- _DATA FOR THIS TASK_
'''

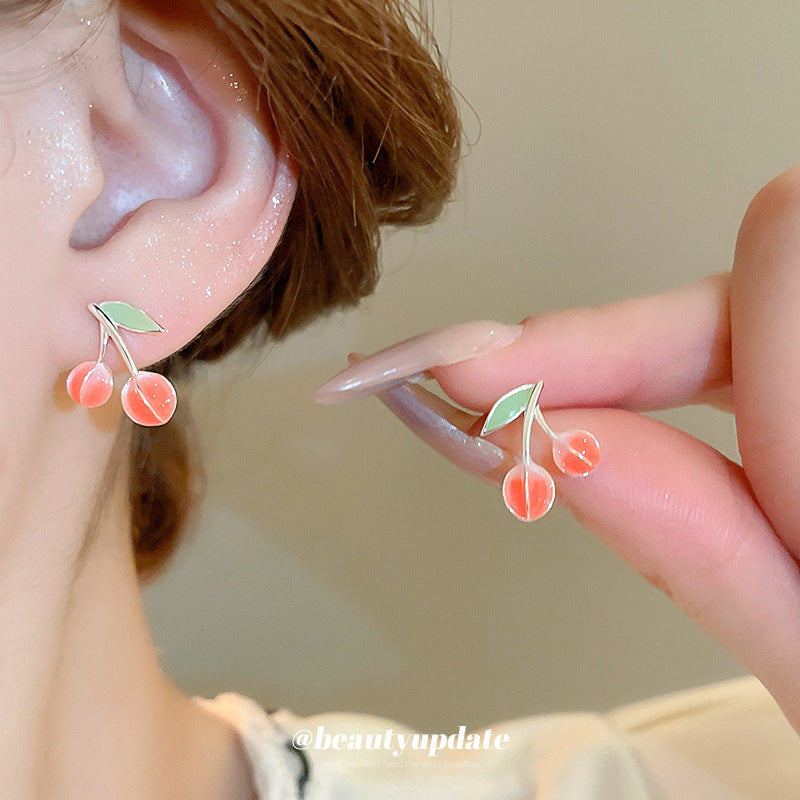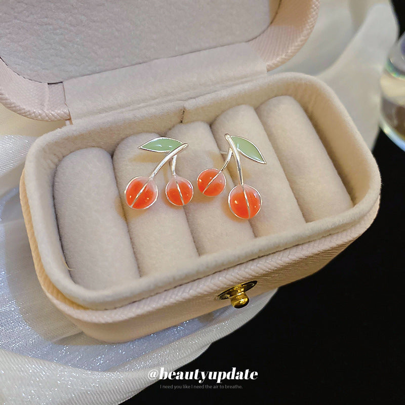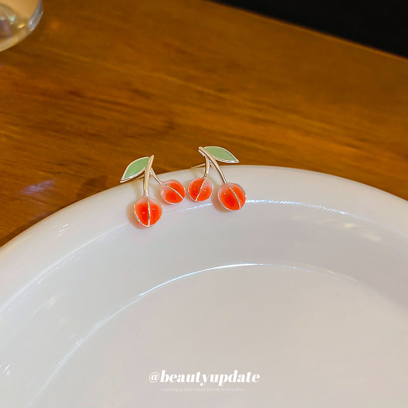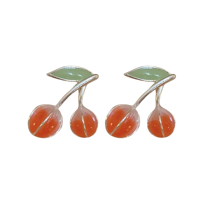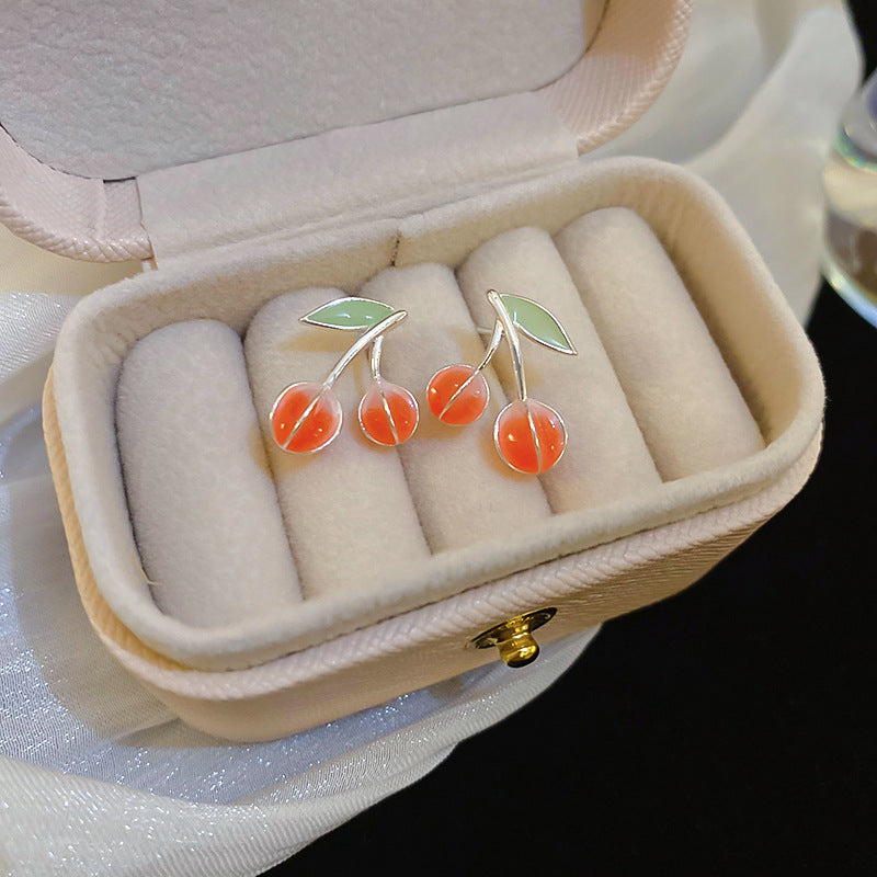 A廠【HE21968】925銀針小清新滴油紅綠櫻桃耳環氛圍感耳環ins風可愛百搭少女心耳飾 24.08-3
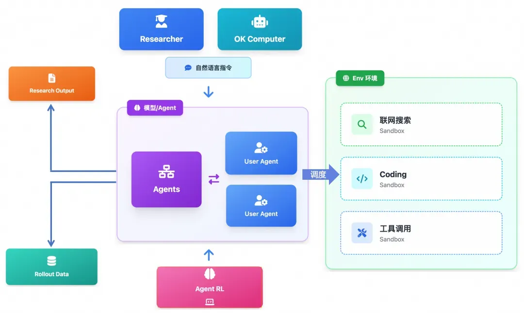 “深度研究”和“OK Computer”,主要是通过自然语言指令,模型自主规划及反思,驱动一个虚拟的计算机沙箱环境,自动化执行复杂的任务流,包括工具调用、联网搜索,代码调测等常见任务。在高峰期,系统需要同时处理数以万计的用户请求,每个请求都可能触发一次或多次Agent的复杂推理和工具调用。系统需要快速为每个用户请求分配独立的计算资源,以避免任务间的相互干扰和资源争抢。
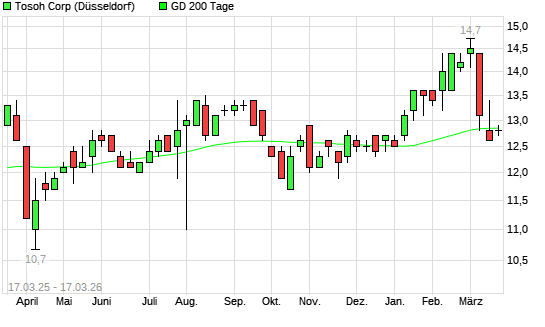 Mit dem Rücksetzer auf 12,80 EUR hat die Tosoh-Aktie am 16.03.2026 die 200-Tage-Linie nach unten gekreuzt.
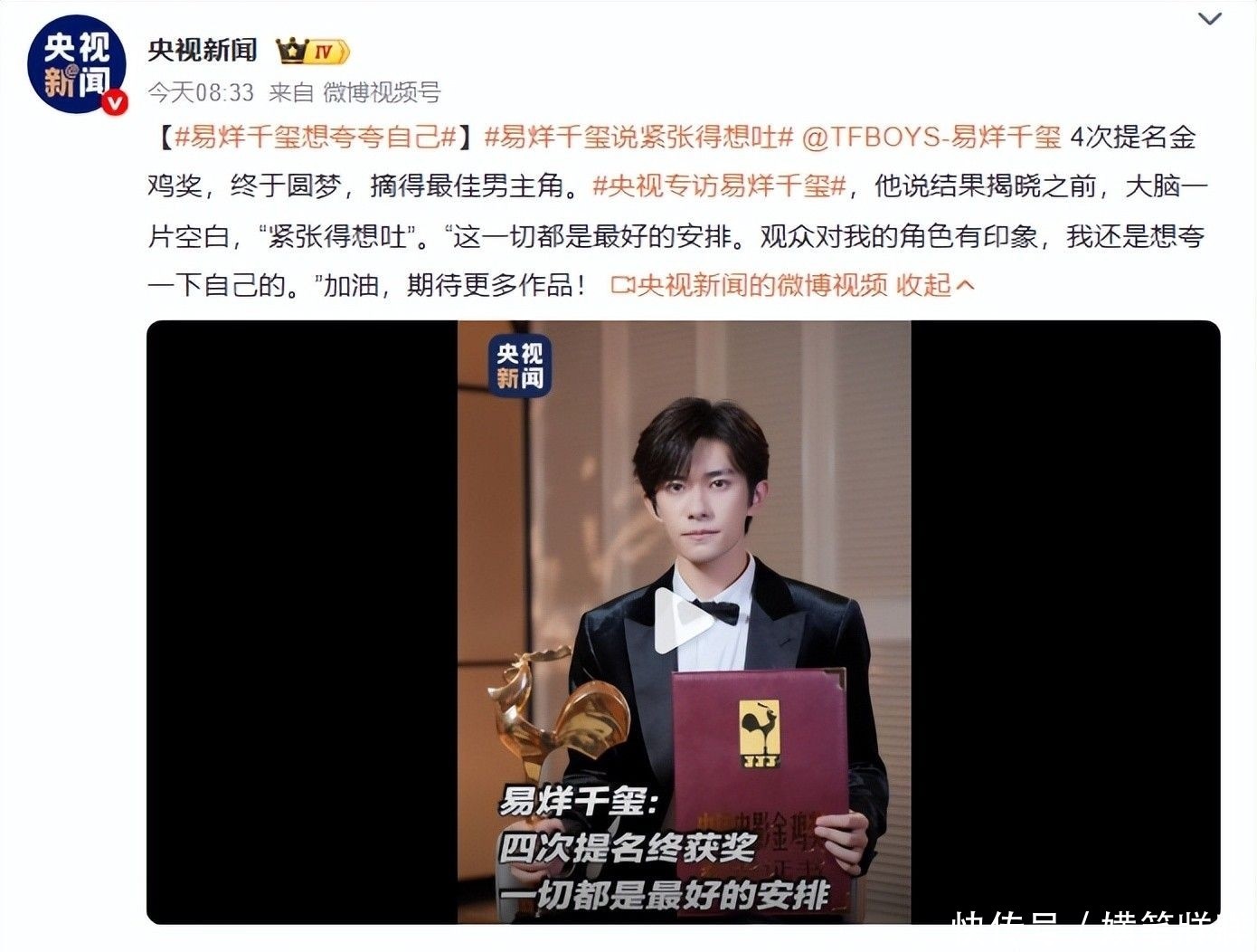 11. 奖项揭晓后不久,央视第一时间推出对易烊千玺的独家专访,将他的成长历程置于公众视野中心。
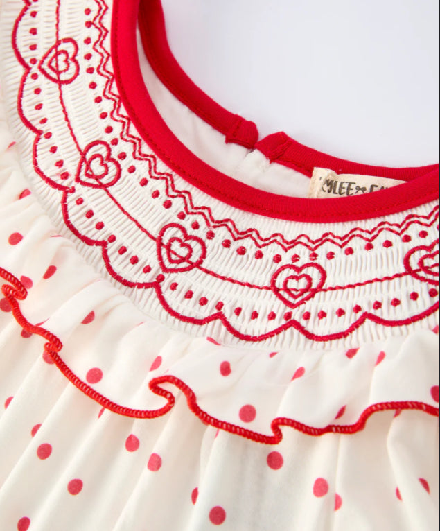 Valentine’s Day Polka Dot Girls Romper with Smocking Embroidery
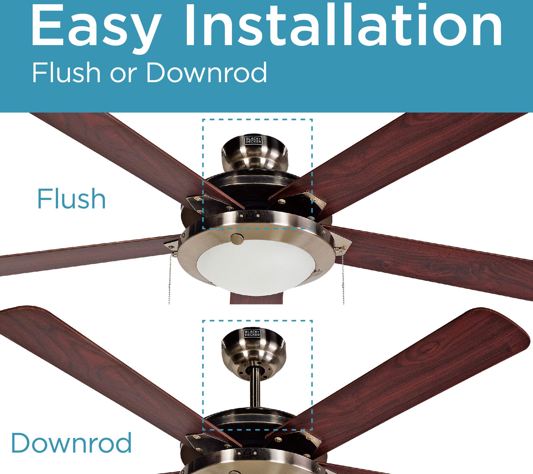 BLACK+DECKER 52 in. Ceiling Fa n with Pull Cha in,Brown
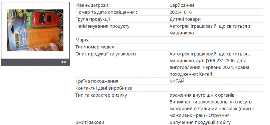Токсичний автотрек із машинкою - у китайському наборі, імпортованому через ТОВ «АТБ Маркет», виявили токсичні хімічні сполуки, здатні пошкоджувати внутрішні органи та провокувати онкологічні процеси.
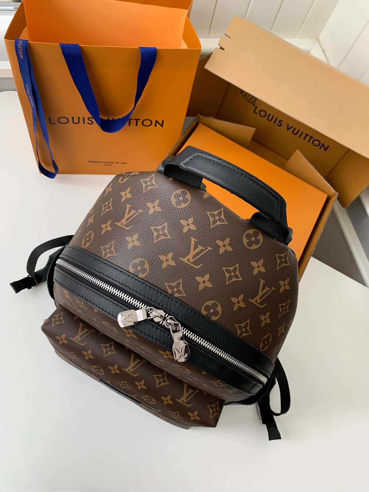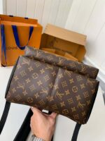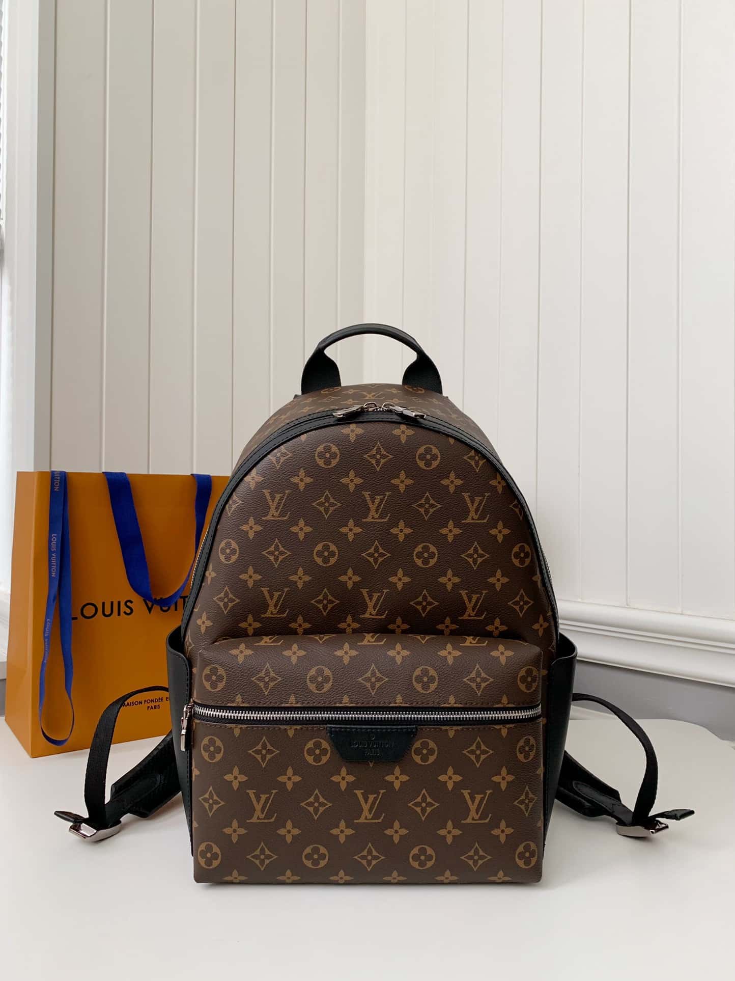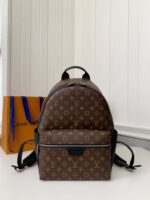 The pairing of Monogram Macassar canvas with black cowhide-leather trim and palladium-color hardware brings classic elegance to the Discovery Backpack’s modern lines. The roomy outside pocket makes it easy to get at essentials. Inside there are three pockets, one designed for a tablet. Adjustable straps and a top handle give carry options.

'''

- _INSTRUCTIONS FOR THE TASK_
Transcribe, word for word, the lines of the listing above from the one that contains "Valentine’s Day Polka" through the one that contains "Токсичний автотрек із", keeping both ends and dropping the pictures.

- _EXERCISE ANSWER_
 Valentine’s Day Polka Dot Girls Romper with Smocking Embroidery
 BLACK+DECKER 52 in. Ceiling Fa n with Pull Cha in,Brown
Токсичний автотрек із машинкою - у китайському наборі, імпортованому через ТОВ «АТБ Маркет», виявили токсичні хімічні сполуки, здатні пошкоджувати внутрішні органи та провокувати онкологічні процеси.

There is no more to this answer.